Comment 6 Fedora Update System 2018-02-14 18:27:46 UTC
libvirt-3.7.0-4.fc27 has been pushed to the Fedora 27 testing repository. If problems still persist, please make note of it in this bug report.
See https://fedoraproject.org/wiki/QA:Updates_Testing for
instructions on how to install test updates.
You can provide feedback for this update here: https://bodhi.fedoraproject.org/updates/FEDORA-2018-b22d46eabb

Comment 7 Cole Robinson 2018-02-14 23:11:21 UTC
Build pushed now, sorry for the delay

Comment 8 Nir Soffer 2018-02-28 00:34:41 UTC
Michal, is this fix available in libvirt-3.7.0-4.fc27?

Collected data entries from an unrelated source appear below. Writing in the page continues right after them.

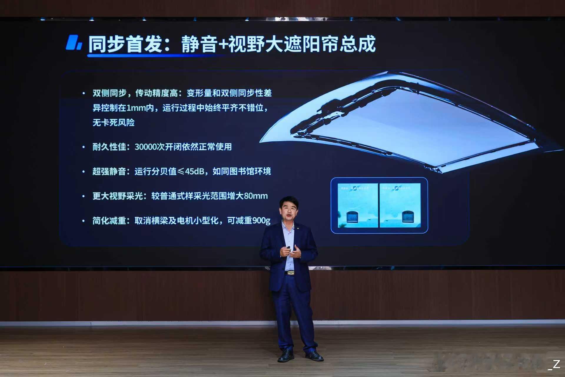 而且不仅有AI调光隐私玻璃的随心控光,更有同步首发的静音+视野大遮阳帘总成!
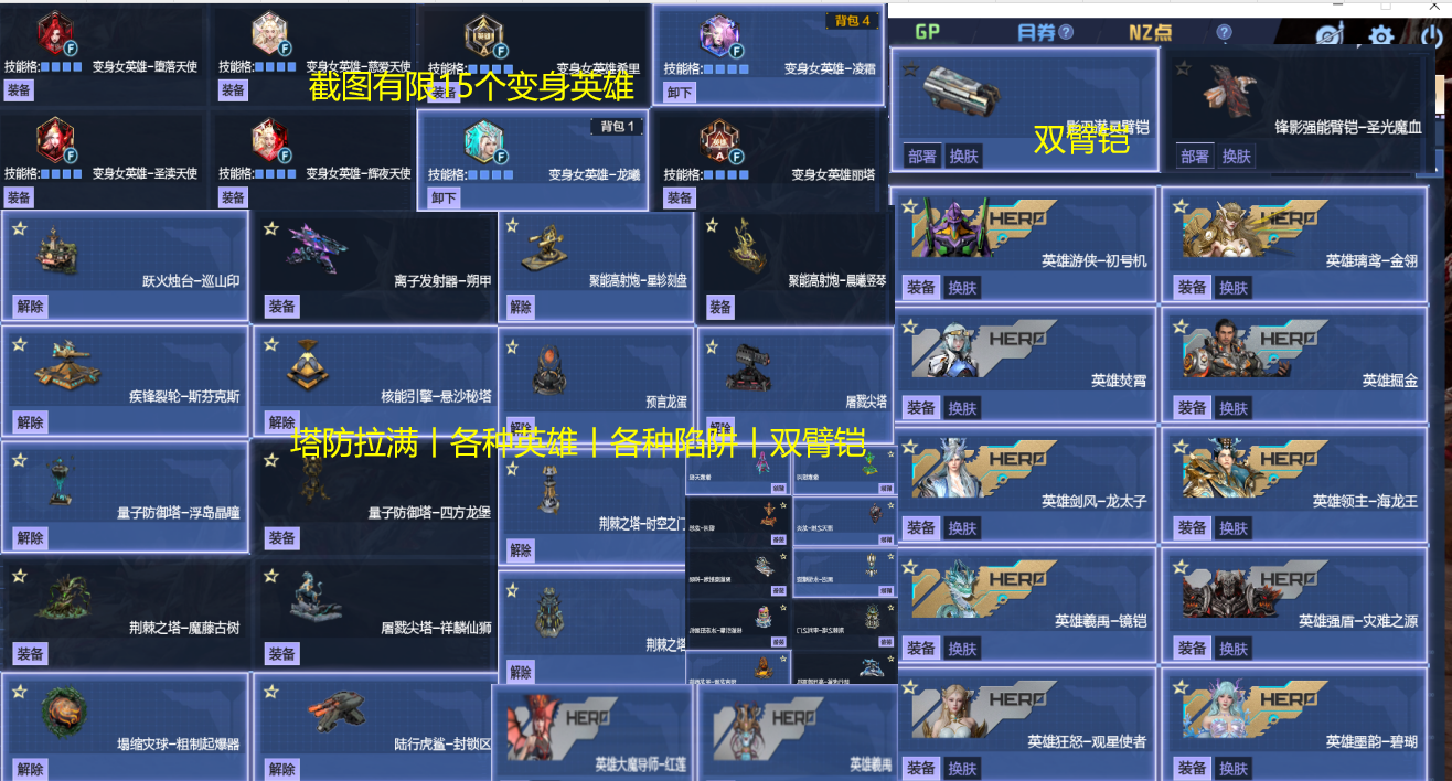 2025.3.25新增:黑冕头盔,火焰头盔,塔防全臂铠,全陷阱,全皮肤,15狗熊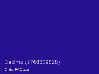 Decimal 1768329828 Color is a normal indigo color and the nearest color is Blue Gem #2c0e8c. Hex code #271190 and RGB value is rgb(39,17,144). In RGB color space, this color is composed of 15% red, 7% green, 56% blue, In CMYK color space, this color is composed of 73% cyan, 88% magenta, 0% yellow , 44% black , In HSL color space, this color has a hue angle of 250° , 79% saturation and 32% lightness.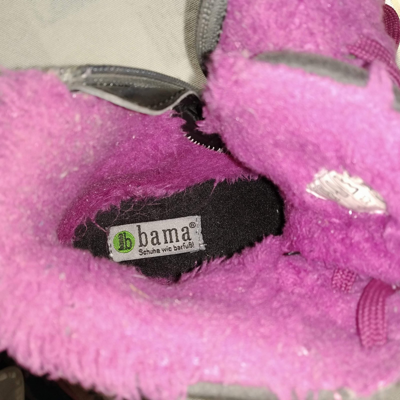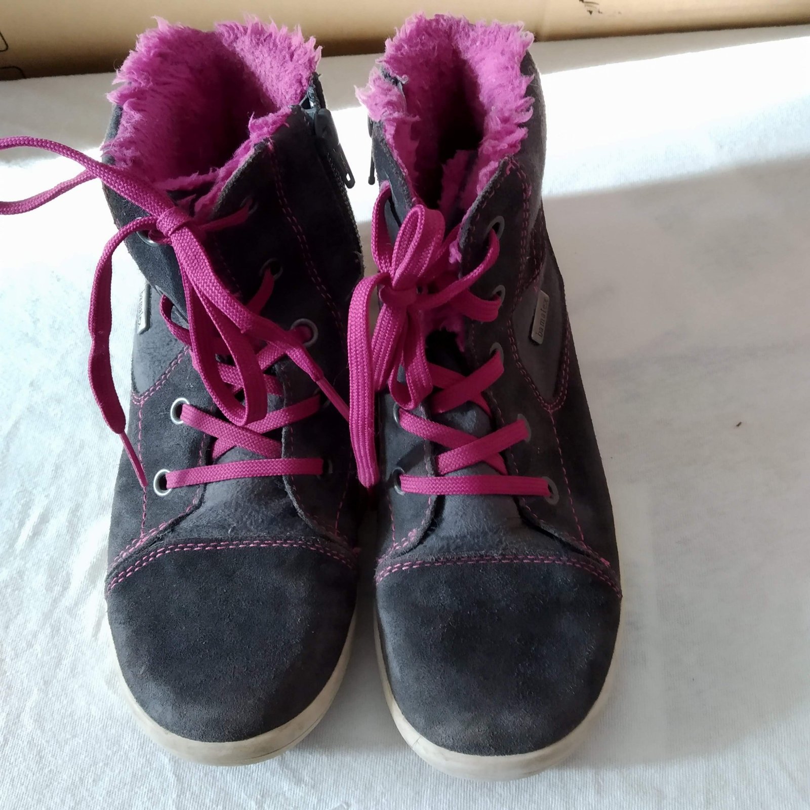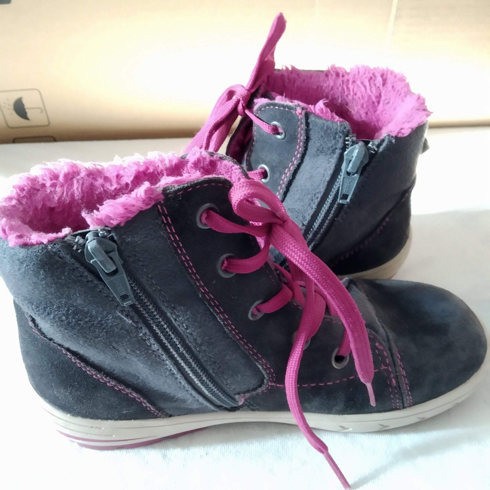 Sú tmavomodré s ružovou kožušinkou a šnúrkami

Comment 9 Michal Privoznik 2018-02-28 06:45:06 UTC
(In reply to Nir Soffer from comment #8)
> Michal, is this fix available in libvirt-3.7.0-4.fc27?

Yes, it is.

Comment 10 Fedora Update System 2018-03-01 16:23:03 UTC
libvirt-3.7.0-4.fc27 has been pushed to the Fedora 27 stable repository. If problems still persist, please make note of it in this bug report.